Receita recorde e custos mais controlados projetam margem histórica para o confinamento em 2026
Estudo do Cepea indica resultado próximo de R$ 1,2 mil por cabeça nos últimos lotes do ano, mas compra do boi magro, eficiência alimentar e proteção do preço de venda continuam determinantes para a rentabilidade
O confinamento de bovinos caminha para encerrar 2026 com uma das melhores relações entre custos e receita dos últimos anos. Levantamento divulgado na sexta-feira (11) pelo Centro de Estudos Avançados em Economia Aplicada (Cepea), em parceria com a Tortuga/DSM, aponta a possibilidade de lucro histórico para os animais comercializados no final do ano, sustentado principalmente pela valorização do boi gordo.
O estudo considera um macho inteiro Nelore com peso de entrada de 375 quilos e saída com 540 quilos, rendimento de carcaça de 55% e permanência de 105 dias no confinamento. A simulação adota nível básico de tecnologia nutricional. Pelos parâmetros utilizados, o animal termina o ciclo com aproximadamente 19,8 arrobas de carcaça.
Na parte futura do levantamento, a receita é projetada com base nos contratos do boi gordo negociados na B3. O gráfico do Cepea mostra que a receita por animal pode superar R$ 7,3 mil nos lotes vendidos em novembro. Já o custo total, incluindo a aquisição do boi magro, alimentação e demais despesas operacionais, fica próximo de R$ 6,2 mil por cabeça. Com isso, a margem projetada se aproxima de R$ 1,2 mil por animal. Os valores são aproximados, uma vez que o informativo apresenta a evolução dos resultados em formato gráfico.
A perspectiva favorável não ocorre porque os custos do confinamento recuaram de forma expressiva. A compra do boi magro, principal componente do desembolso, continuou avançando ao longo de 2026. Os gastos com dieta e as demais despesas operacionais também permanecem relevantes. O principal fator de melhora é a valorização mais intensa da receita.
A linha do faturamento projetado sobe com maior força na segunda metade do ano e amplia a diferença em relação ao custo total da operação. Essa relação é importante porque o confinador trabalha com duas pontas: compra um animal mais leve, normalmente caro, e precisa vendê-lo meses depois por um preço que cubra o boi magro, a alimentação, os custos financeiros e as demais despesas da engorda.
Em 2026, a valorização esperada para o boi gordo vendido no final do ciclo estaria superando o crescimento dos custos, abrindo uma margem que não aparece com a mesma intensidade em outros momentos da série iniciada em 2018. Embora o cenário indicado pelo Cepea seja positivo, a margem apresentada não representa um lucro garantido para todos os confinadores.

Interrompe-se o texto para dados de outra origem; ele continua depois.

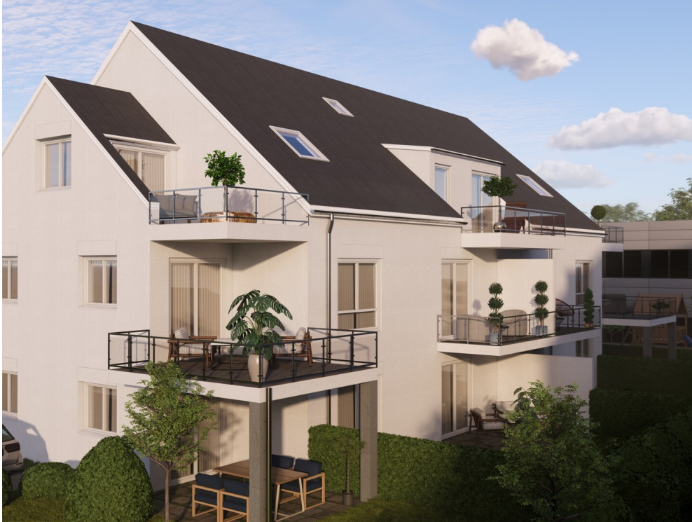
BI-25-05-Vis_Haus 2 Süd1
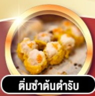
ติ่มซำคั่นตำรับ

гаринดี!! พักทรู 4 ดาว PRUDENTIAL HOTEL ติดถนนนาธาน ย่านช้อปปิ้งจิมซาจуй
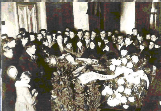
У гроба С. А. Есенина в Доме Печати.

Жизнь С.А. Есенина трагически оборвалась в Петрограде, в гостинице «Англетер» при невыясненных обстоятельствах. Поэта нашли повешенным. После гибели Есенина начался период официального забвения его творчества. В 1927 году появилась статья Бухарина «Злые заметки». Творчество поэта было признано мелкобуржуазным, кулацким, не соответствующим великой эпохе. Статья на много лет стала идеологической основой для
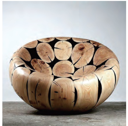
0121-1110=112094 Wood (Big Cone Pine) 木材 [大果松], 2012 122 x 134 x 88 cm (48 x 53 x 34.5 in)
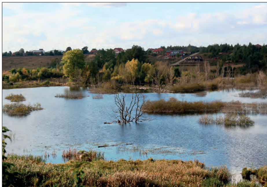
Rozlewisko w dolinie Cybiny.
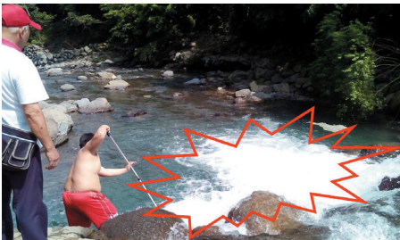
去年颱風過後，水文狀況驟變，山中傳奇之右岸中坑溪因崩壞嚴重河道整治中，下游處瀑布深潭經探勘有2米以上需注意。
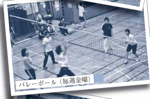
バレーボール（毎週金曜）
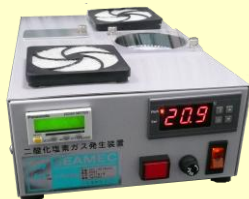
二酸化塩素ガス発生装置
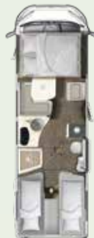
IL 720 EB
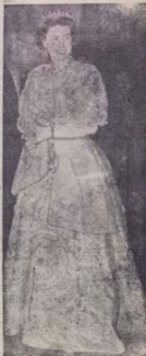
Aworan Alaiyelawa Oba Obinrin Elizabeth Kay tilla Oyinbo Gega pelu Olojaju Ojo re Omo b Philip ni a nwo yi sugoati o lo be ile ere nla (O Vic Theatre) wo nilu Oyinbo.

Alaiyelawa Oba Obinrin na lo ran Oloja-n Omoba Alexandra wa faju re nigba Ominra w tile Nigeria, ti Omoba Alexandra na si pada ile re ni alafia fowuro ojo Monday oge yi.
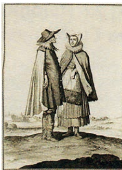
Gravura de vestuário, séc. XVIII.

Descrição da imagem: Imagem composta por dois quadros. O quadro à esquerda, intitulado Gravura de vestuário, século 18 , apresenta uma gravura com um homem e uma mulher, lado a lado, vestindo roupas longas características da sua época. O quadro à direita, intitulado Estátua em porcelana de moça judia nos moldes de gravura de vestuário, século 18 , apresenta uma fotografia de uma estátua de mulher com roupas semelhantes às da mulher da gravura. O rosto da estátua apresenta traços orientais marcantes, que não estão presentes na mulher da gravura.
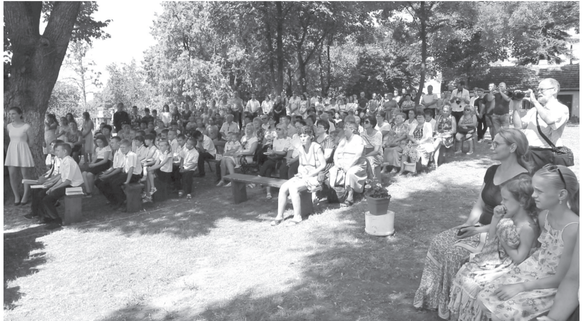
A búcsú minden évben időt és helyet ad a támogatóknak a gyerekekkel való találkozásra
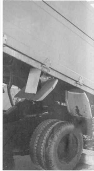
大型ベルトコンベアに
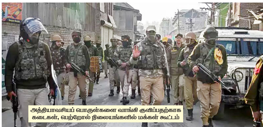
அத்தியாவசியப் பொருள்களை வாங்கி குவிப்பதற்காக கடைகள், பெற்றோல் நிலையங்களில் மக்கள் கூட்டம்

அதைத் தொடர்ந்துதான், இந்த மாதம் 15 ஆம் திகதி நிறைவு அடைய இருந்த அமர்நாத் யாத்திரையை உடனே முடித்
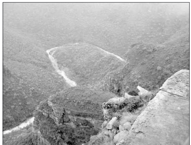
En blick ner i Blyde River Canyon.

Eller när Blyde River på ett annat ställe kastar sig utför ett brant stup i en forsande ström vid Bourkes Luck Potholes.
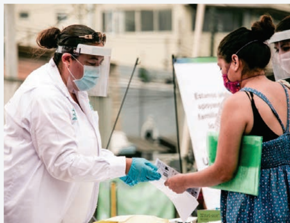
Entrega de vouchers solidarios de AbrazaNL, un ejemplo de trabajo en alianza entre la Fundación Unir y Dar A.C. y otras organizaciones de Monterrey

“(...) al encontrarse posicionada en el ecosistema de inversión social local pudo capitalizar la oportunidad del Fondo (Fondo Comunidades Activas) para articularla con un esfuerzo a gran escala que se estaba generando en la localidad, el Fondo Unir y Dar. El cual impulsó cuatro esfuerzos para atender las consecuencias de la pandemia en diversas poblaciones objetivo: RespiraNL, ReactivaNL, EducaNL y AbrazaNL. Es así que en lugar de generar otro proyecto adicional a los esfuerzos impulsados por diversos actores que posiblemente podría llegar a tener un menor alcance, sumó y coinvertió los recursos disponibles para generar un mayor impacto a través de un mecanismo establecido que se encontraba generando resultados” (COMUNALIA, 2021).
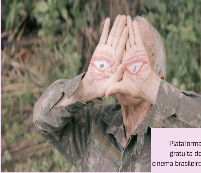
Plataforma gratuita de cinema brasileiro
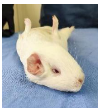
Fig 2. Reflejo de enderezamiento (righting reflex) negativo en cobayos ( Cavia porcellus ) tras la administración de medetomidina (100 µg/kg) en el punto de acupuntura GV20.
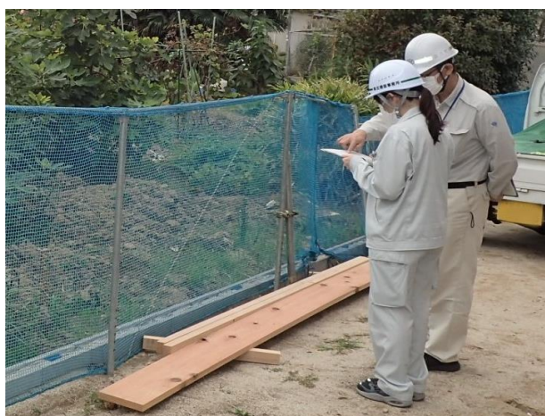
↑ 違反パトロールの様子

その中でも、福島県職員になれば地元へ貢献できる、また、福利厚生が充実しており安心して働くことができると考え志望しました。
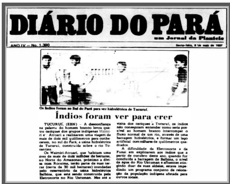
Imagem 50 - Diário do Pará, nº 1.390, 08.05.1987
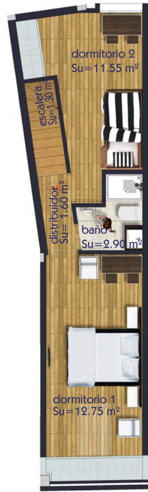
VIVIENDA TIPO -H- PLANTA BAJO CUBIERTA (B/C) escala 1 / 100
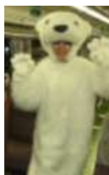
着ぐるみスタッフ

7/1 (土)・2 (日) 限定で、旭山動物園ポストカードもプレゼント！(指定席のお客様限定で、乗車証明書と一緒にお配りします。)
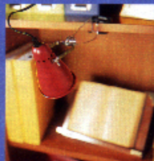
▲ Lámpara de pinza Fas. En Ikea, 1.975 ptas.
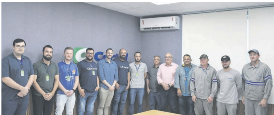
Funcionários e instrutor comemoraram formação com gestores e diretores

- atendimento a 240 mil ligações pelo Disque Certel Energia.
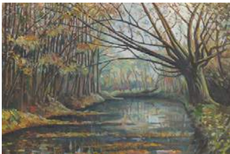
Zdzisław Doleżyński - Wierzy na księdza ogrodzie , olej, płótno, 81 x 100 cm, 2009 r.
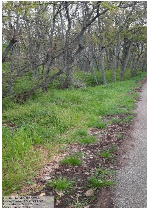
Int. 1 Loc. San Martino fascia tagliafuoco
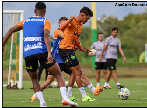
Cuiabá encerra a preparação para jogar a Sul-Americana

Cuiabá, vai até na Caracas enfrentar o Metropolitanos nesta quinta-feira, 11/04, Copa Sul-Americana, pela 2ª rodada. Os times vão a campo no gramado do Olímpico de la UCV a partir de 19:00h. O Metropolitanos chega para essa partida com 1 vitória e 4 derrotas nos últimos cinco jogos. Do outro lado, o Cuiabá vem de uma série de 4 vitórias e 1 empate.
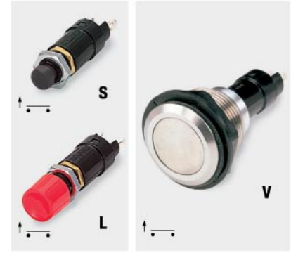
T0916SO --- & T0916LO ---

O resultado de cada propriedade depende do preço pago pelo boi magro, do custo da dieta, do ganho médio diário, da conversão alimentar, do período de permanência e do peso efetivamente entregue ao frigorífico. A expectativa de lucro histórico torna o confinamento mais atrativo e pode estimular a colocação de animais nos cochos.
Entretanto, uma expansão mais forte da oferta de bovinos terminados também pode aumentar a pressão sobre as cotações no período de saída dos lotes.